(Source data)
--- START ---

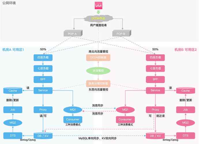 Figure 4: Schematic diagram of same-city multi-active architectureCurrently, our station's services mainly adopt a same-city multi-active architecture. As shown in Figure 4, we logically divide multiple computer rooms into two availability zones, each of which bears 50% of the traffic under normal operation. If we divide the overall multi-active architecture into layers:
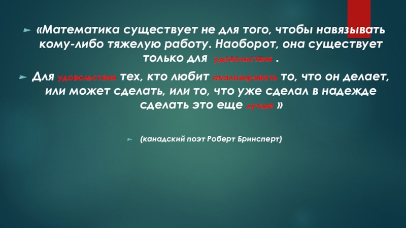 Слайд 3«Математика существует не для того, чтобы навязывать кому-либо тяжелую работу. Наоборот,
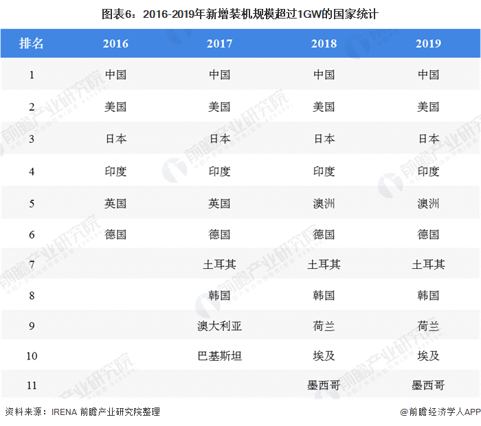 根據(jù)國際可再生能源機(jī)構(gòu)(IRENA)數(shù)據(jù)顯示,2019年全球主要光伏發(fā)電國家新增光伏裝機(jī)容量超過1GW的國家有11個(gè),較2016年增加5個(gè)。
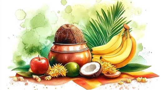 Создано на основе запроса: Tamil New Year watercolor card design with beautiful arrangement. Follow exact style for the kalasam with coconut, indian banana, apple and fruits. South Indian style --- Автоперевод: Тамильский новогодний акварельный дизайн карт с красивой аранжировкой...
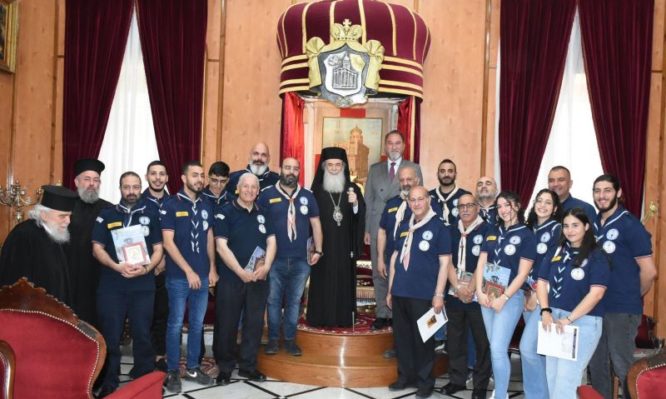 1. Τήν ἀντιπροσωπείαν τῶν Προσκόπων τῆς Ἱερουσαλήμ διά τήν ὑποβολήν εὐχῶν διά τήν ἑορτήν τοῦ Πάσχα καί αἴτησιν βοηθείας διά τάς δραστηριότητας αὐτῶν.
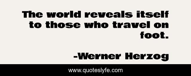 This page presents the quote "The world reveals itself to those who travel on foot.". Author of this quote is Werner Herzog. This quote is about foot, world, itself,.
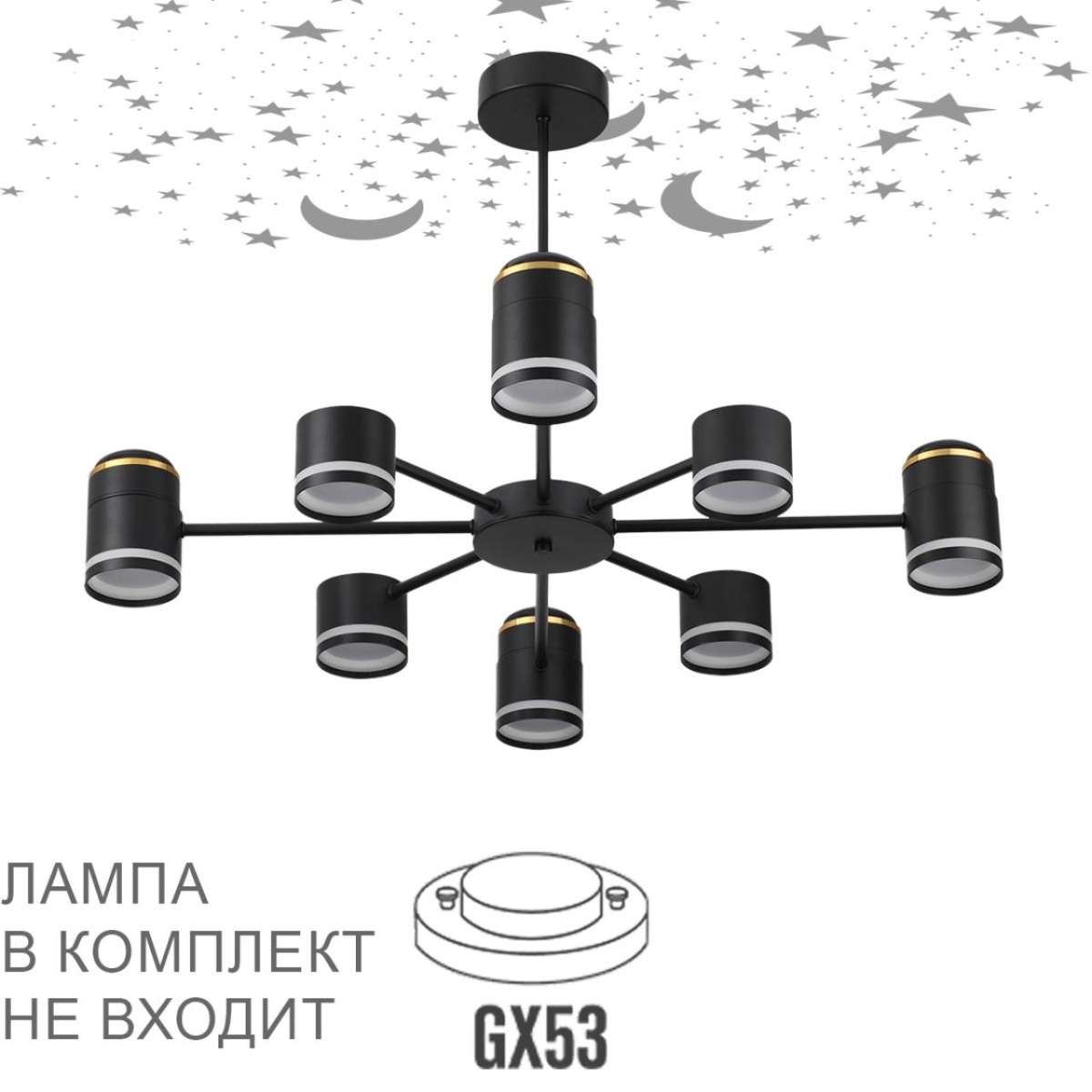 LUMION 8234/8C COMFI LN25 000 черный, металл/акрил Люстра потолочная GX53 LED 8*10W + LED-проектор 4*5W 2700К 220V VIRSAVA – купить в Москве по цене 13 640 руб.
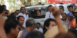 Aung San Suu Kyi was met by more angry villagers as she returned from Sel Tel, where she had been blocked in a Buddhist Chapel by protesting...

--- END ---

#### [PROBLEM TO WORK ON]
Given the records above, return the lines starting at the one that holds "существует не для" and ending at the one that holds "LUMION 8234/8C COMFI", exactly, and nothing besides; leave every picture out.

#### [REPLY]
 Слайд 3«Математика существует не для того, чтобы навязывать кому-либо тяжелую работу. Наоборот,
 根據(jù)國際可再生能源機(jī)構(gòu)(IRENA)數(shù)據(jù)顯示,2019年全球主要光伏發(fā)電國家新增光伏裝機(jī)容量超過1GW的國家有11個(gè),較2016年增加5個(gè)。
 Создано на основе запроса: Tamil New Year watercolor card design with beautiful arrangement. Follow exact style for the kalasam with coconut, indian banana, apple and fruits. South Indian style --- Автоперевод: Тамильский новогодний акварельный дизайн карт с красивой аранжировкой...
 1. Τήν ἀντιπροσωπείαν τῶν Προσκόπων τῆς Ἱερουσαλήμ διά τήν ὑποβολήν εὐχῶν διά τήν ἑορτήν τοῦ Πάσχα καί αἴτησιν βοηθείας διά τάς δραστηριότητας αὐτῶν.
 This page presents the quote "The world reveals itself to those who travel on foot.". Author of this quote is Werner Herzog. This quote is about foot, world, itself,.
 LUMION 8234/8C COMFI LN25 000 черный, металл/акрил Люстра потолочная GX53 LED 8*10W + LED-проектор 4*5W 2700К 220V VIRSAVA – купить в Москве по цене 13 640 руб.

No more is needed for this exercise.